> **Work to be completed**: Write out again, word for word, the lines below from the line that holds "중도금대출 이자 계산기" through the line that holds "Диск пильный 190х30/20/16", omitting pictures.

> **Data in this exercise**:
########################################

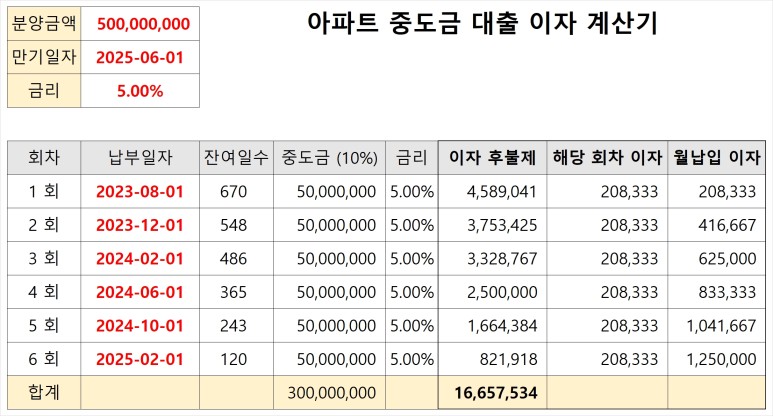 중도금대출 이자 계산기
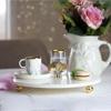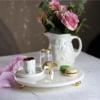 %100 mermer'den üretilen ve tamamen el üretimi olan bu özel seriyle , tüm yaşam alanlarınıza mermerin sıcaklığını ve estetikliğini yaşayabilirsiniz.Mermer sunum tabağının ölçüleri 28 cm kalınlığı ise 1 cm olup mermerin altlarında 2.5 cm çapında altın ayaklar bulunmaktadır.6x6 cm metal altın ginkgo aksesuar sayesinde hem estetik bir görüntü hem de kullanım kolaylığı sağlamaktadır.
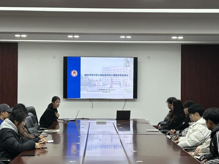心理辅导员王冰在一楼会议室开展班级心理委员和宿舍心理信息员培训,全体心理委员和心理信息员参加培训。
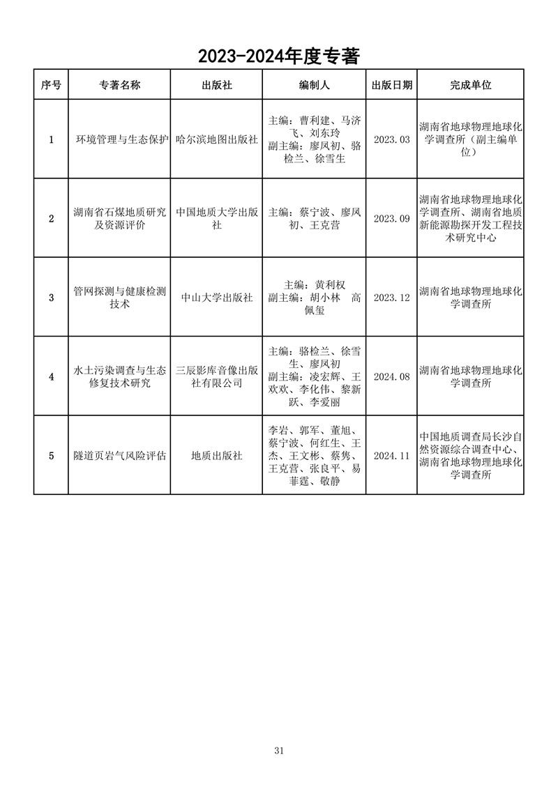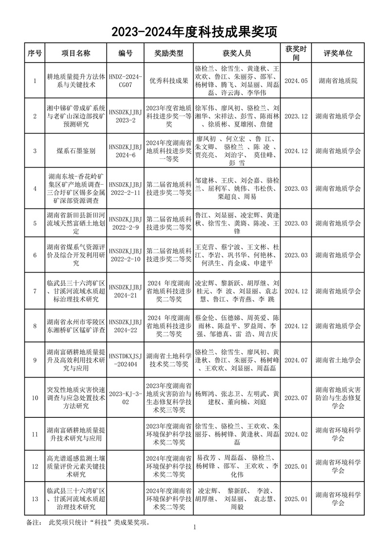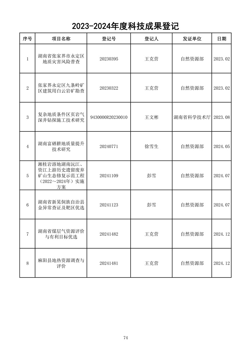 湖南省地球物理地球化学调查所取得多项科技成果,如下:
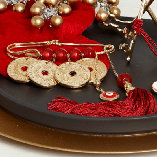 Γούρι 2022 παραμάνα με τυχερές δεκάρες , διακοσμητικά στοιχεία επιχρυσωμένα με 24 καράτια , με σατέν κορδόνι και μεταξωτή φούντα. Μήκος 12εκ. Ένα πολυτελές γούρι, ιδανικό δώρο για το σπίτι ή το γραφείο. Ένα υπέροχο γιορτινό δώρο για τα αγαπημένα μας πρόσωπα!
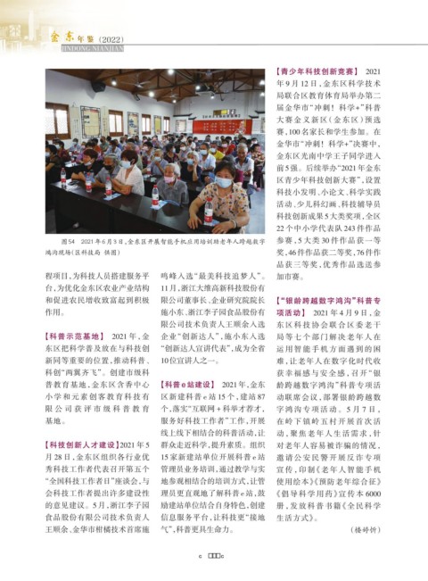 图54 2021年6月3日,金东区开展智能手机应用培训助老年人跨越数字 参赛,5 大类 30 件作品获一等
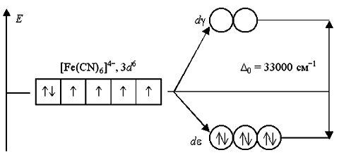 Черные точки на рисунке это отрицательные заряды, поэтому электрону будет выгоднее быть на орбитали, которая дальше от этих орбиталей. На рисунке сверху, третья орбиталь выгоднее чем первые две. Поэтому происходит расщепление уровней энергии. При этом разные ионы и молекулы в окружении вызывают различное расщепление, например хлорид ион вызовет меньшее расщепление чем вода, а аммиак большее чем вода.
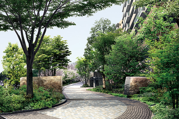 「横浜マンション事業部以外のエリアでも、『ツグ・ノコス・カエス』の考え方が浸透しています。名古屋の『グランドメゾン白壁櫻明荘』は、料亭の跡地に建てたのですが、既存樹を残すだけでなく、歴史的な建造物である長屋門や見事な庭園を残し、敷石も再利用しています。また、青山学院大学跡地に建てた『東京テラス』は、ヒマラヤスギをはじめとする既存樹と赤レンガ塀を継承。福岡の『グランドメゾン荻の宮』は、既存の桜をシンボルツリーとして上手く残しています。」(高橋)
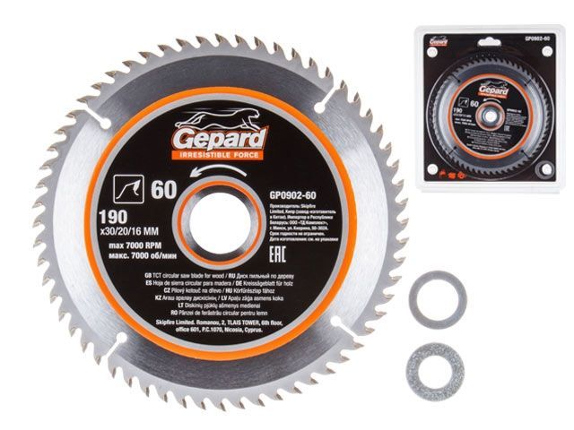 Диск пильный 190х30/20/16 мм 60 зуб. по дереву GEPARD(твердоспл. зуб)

########################################

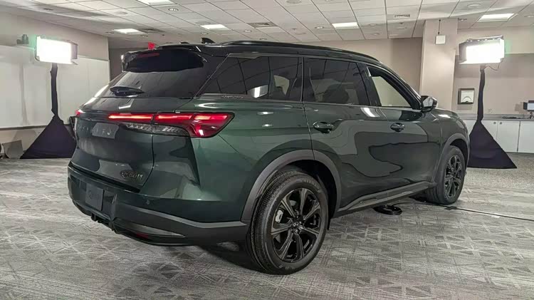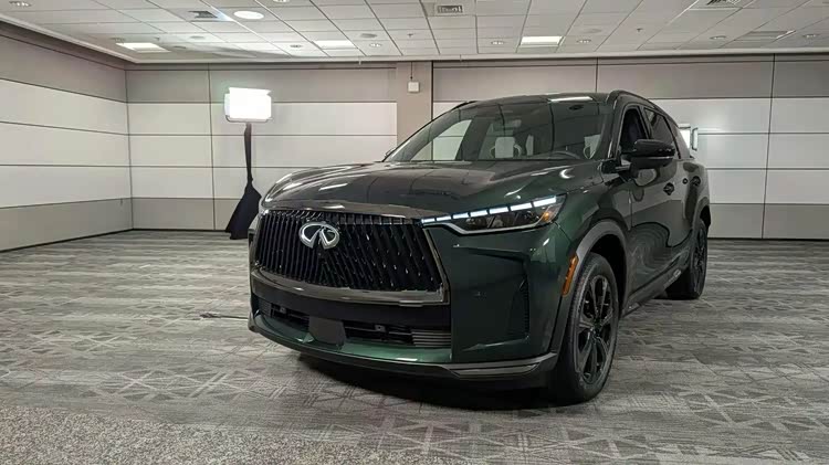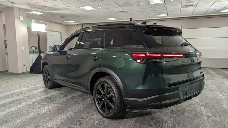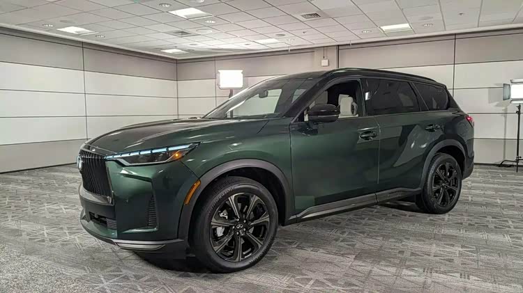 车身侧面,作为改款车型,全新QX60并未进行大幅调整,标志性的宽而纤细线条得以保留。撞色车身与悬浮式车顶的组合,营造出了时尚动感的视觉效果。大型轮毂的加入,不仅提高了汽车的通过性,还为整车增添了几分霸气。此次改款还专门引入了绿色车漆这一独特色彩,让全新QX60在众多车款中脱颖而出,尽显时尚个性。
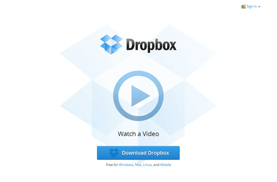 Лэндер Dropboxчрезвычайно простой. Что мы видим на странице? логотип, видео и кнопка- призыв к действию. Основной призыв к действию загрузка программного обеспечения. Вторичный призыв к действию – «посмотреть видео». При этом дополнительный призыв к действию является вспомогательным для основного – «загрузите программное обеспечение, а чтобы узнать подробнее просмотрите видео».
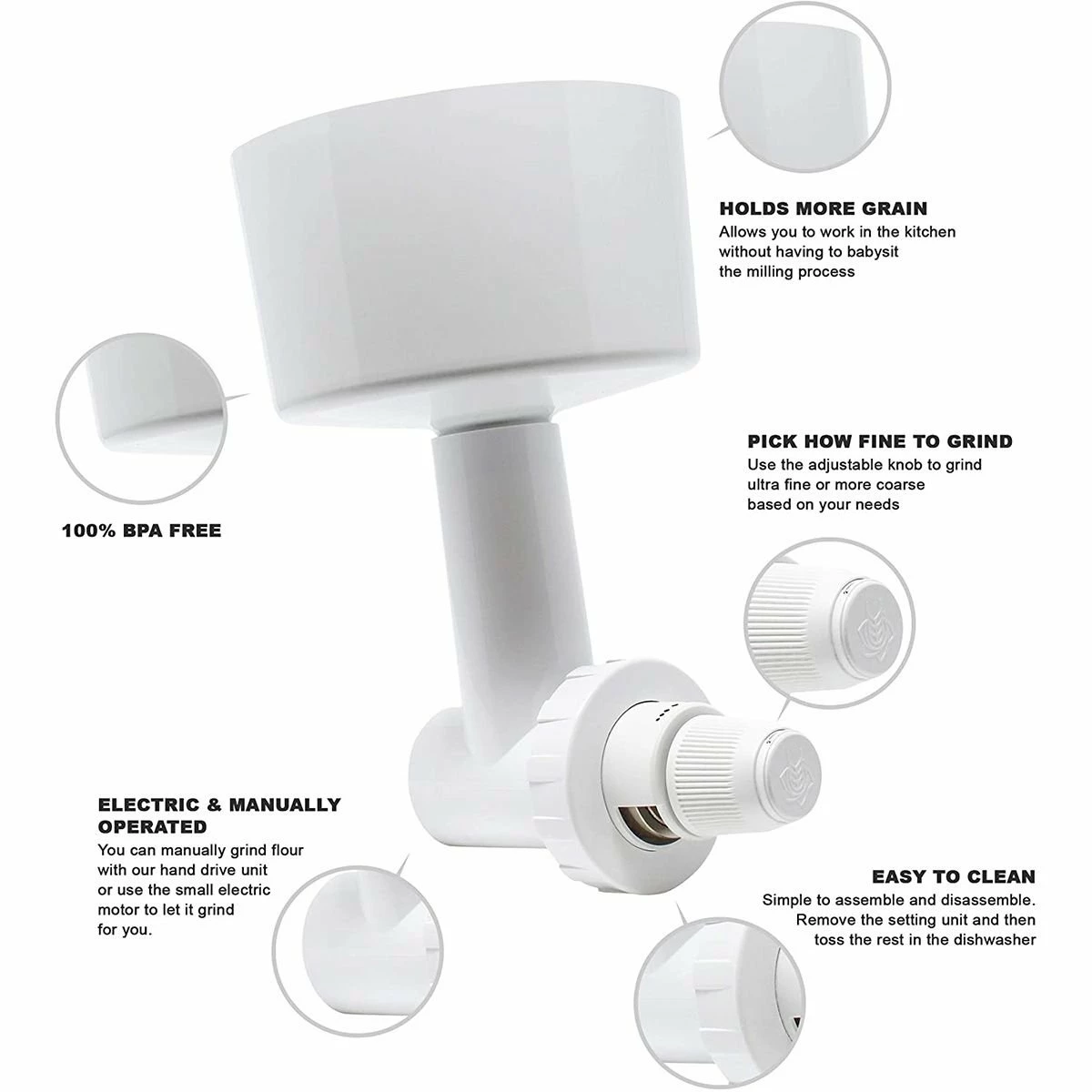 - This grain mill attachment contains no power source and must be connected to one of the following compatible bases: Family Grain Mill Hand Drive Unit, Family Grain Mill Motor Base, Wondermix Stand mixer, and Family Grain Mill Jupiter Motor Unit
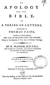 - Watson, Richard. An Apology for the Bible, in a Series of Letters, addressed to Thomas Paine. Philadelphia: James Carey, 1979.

########################################

> **Answer space**:
 중도금대출 이자 계산기
 %100 mermer'den üretilen ve tamamen el üretimi olan bu özel seriyle , tüm yaşam alanlarınıza mermerin sıcaklığını ve estetikliğini yaşayabilirsiniz.Mermer sunum tabağının ölçüleri 28 cm kalınlığı ise 1 cm olup mermerin altlarında 2.5 cm çapında altın ayaklar bulunmaktadır.6x6 cm metal altın ginkgo aksesuar sayesinde hem estetik bir görüntü hem de kullanım kolaylığı sağlamaktadır.
心理辅导员王冰在一楼会议室开展班级心理委员和宿舍心理信息员培训,全体心理委员和心理信息员参加培训。
 湖南省地球物理地球化学调查所取得多项科技成果,如下:
 Γούρι 2022 παραμάνα με τυχερές δεκάρες , διακοσμητικά στοιχεία επιχρυσωμένα με 24 καράτια , με σατέν κορδόνι και μεταξωτή φούντα. Μήκος 12εκ. Ένα πολυτελές γούρι, ιδανικό δώρο για το σπίτι ή το γραφείο. Ένα υπέροχο γιορτινό δώρο για τα αγαπημένα μας πρόσωπα!
 图54 2021年6月3日,金东区开展智能手机应用培训助老年人跨越数字 参赛,5 大类 30 件作品获一等
 Черные точки на рисунке это отрицательные заряды, поэтому электрону будет выгоднее быть на орбитали, которая дальше от этих орбиталей. На рисунке сверху, третья орбиталь выгоднее чем первые две. Поэтому происходит расщепление уровней энергии. При этом разные ионы и молекулы в окружении вызывают различное расщепление, например хлорид ион вызовет меньшее расщепление чем вода, а аммиак большее чем вода.
 「横浜マンション事業部以外のエリアでも、『ツグ・ノコス・カエス』の考え方が浸透しています。名古屋の『グランドメゾン白壁櫻明荘』は、料亭の跡地に建てたのですが、既存樹を残すだけでなく、歴史的な建造物である長屋門や見事な庭園を残し、敷石も再利用しています。また、青山学院大学跡地に建てた『東京テラス』は、ヒマラヤスギをはじめとする既存樹と赤レンガ塀を継承。福岡の『グランドメゾン荻の宮』は、既存の桜をシンボルツリーとして上手く残しています。」(高橋)
 Диск пильный 190х30/20/16 мм 60 зуб. по дереву GEPARD(твердоспл. зуб)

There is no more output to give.